**GIVEN DATA**

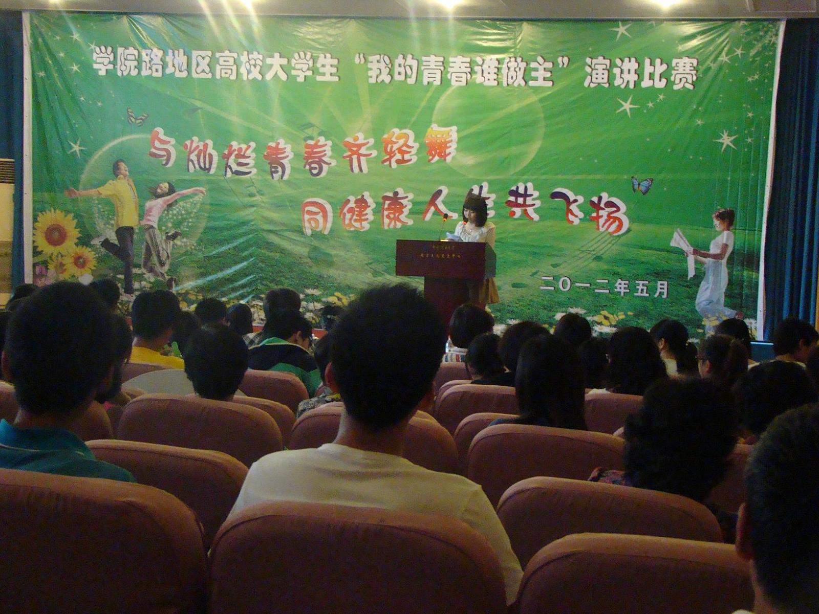 2012年5月31日下午2时,由学院路街道办事处主办的“我的青春谁做主”高校演讲比赛在中国矿业大学学术交流中心二层举行。此次比赛共有学院路七所大学参加,地大四名同学参赛,并全部获奖。其中地球物理与信息技术学院杨婷婷、数理学院胡佳妮、土地科学技术学院温凯获得二等奖,人文经管学院秦汉获得三等奖。在演讲评分时段,我校李仙英同学作为唯一的表演嘉宾为在场观众送上了朝鲜族独舞,给大家带来了艺术的享受并获得了满场喝彩。
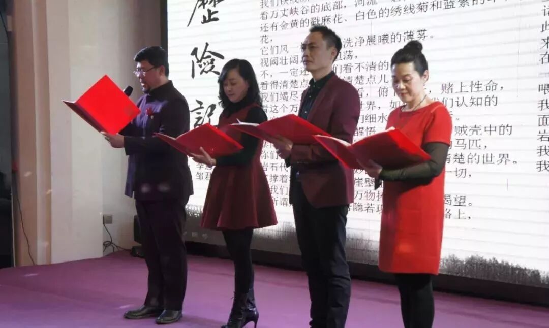 朗诵嘉宾李恩忠 王义淮 邹君燕 胡爱红共同演绎了诗人阿依古丽的作品《历险记》将会场气氛再次推向高潮。
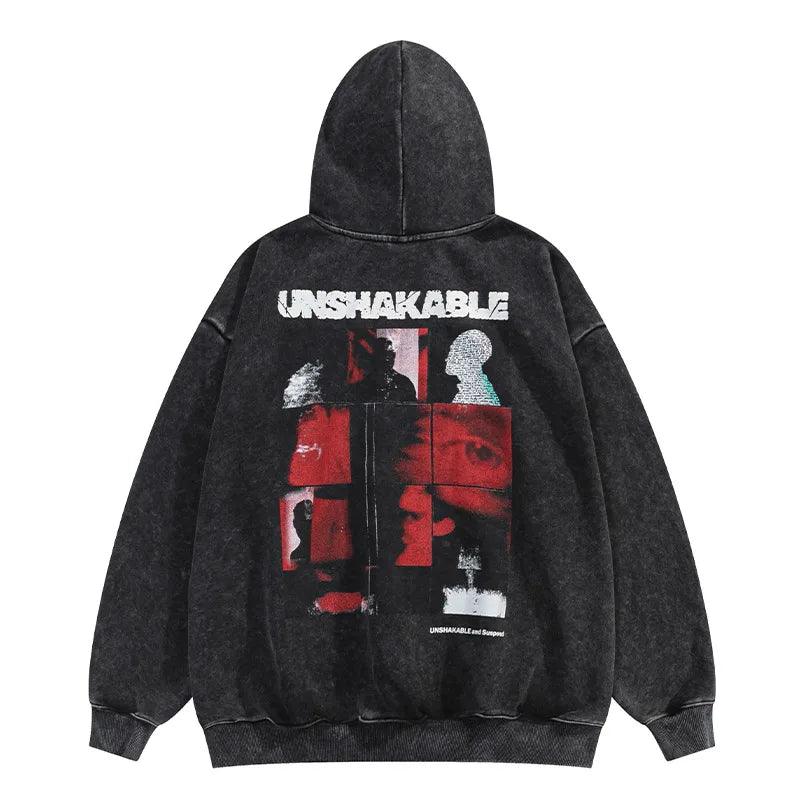 Unleash your style with our UNSHAKABLE Gothic Style Graphic Hoodie. Cotton-polyester blend. regular length. and hooded collar.

**WHAT IS EXPECTED**
Nothing but an exact copy of the data, without pictures, should be returned.

**WRITTEN REPLY**
 2012年5月31日下午2时,由学院路街道办事处主办的“我的青春谁做主”高校演讲比赛在中国矿业大学学术交流中心二层举行。此次比赛共有学院路七所大学参加,地大四名同学参赛,并全部获奖。其中地球物理与信息技术学院杨婷婷、数理学院胡佳妮、土地科学技术学院温凯获得二等奖,人文经管学院秦汉获得三等奖。在演讲评分时段,我校李仙英同学作为唯一的表演嘉宾为在场观众送上了朝鲜族独舞,给大家带来了艺术的享受并获得了满场喝彩。
 朗诵嘉宾李恩忠 王义淮 邹君燕 胡爱红共同演绎了诗人阿依古丽的作品《历险记》将会场气氛再次推向高潮。
 Unleash your style with our UNSHAKABLE Gothic Style Graphic Hoodie. Cotton-polyester blend. regular length. and hooded collar.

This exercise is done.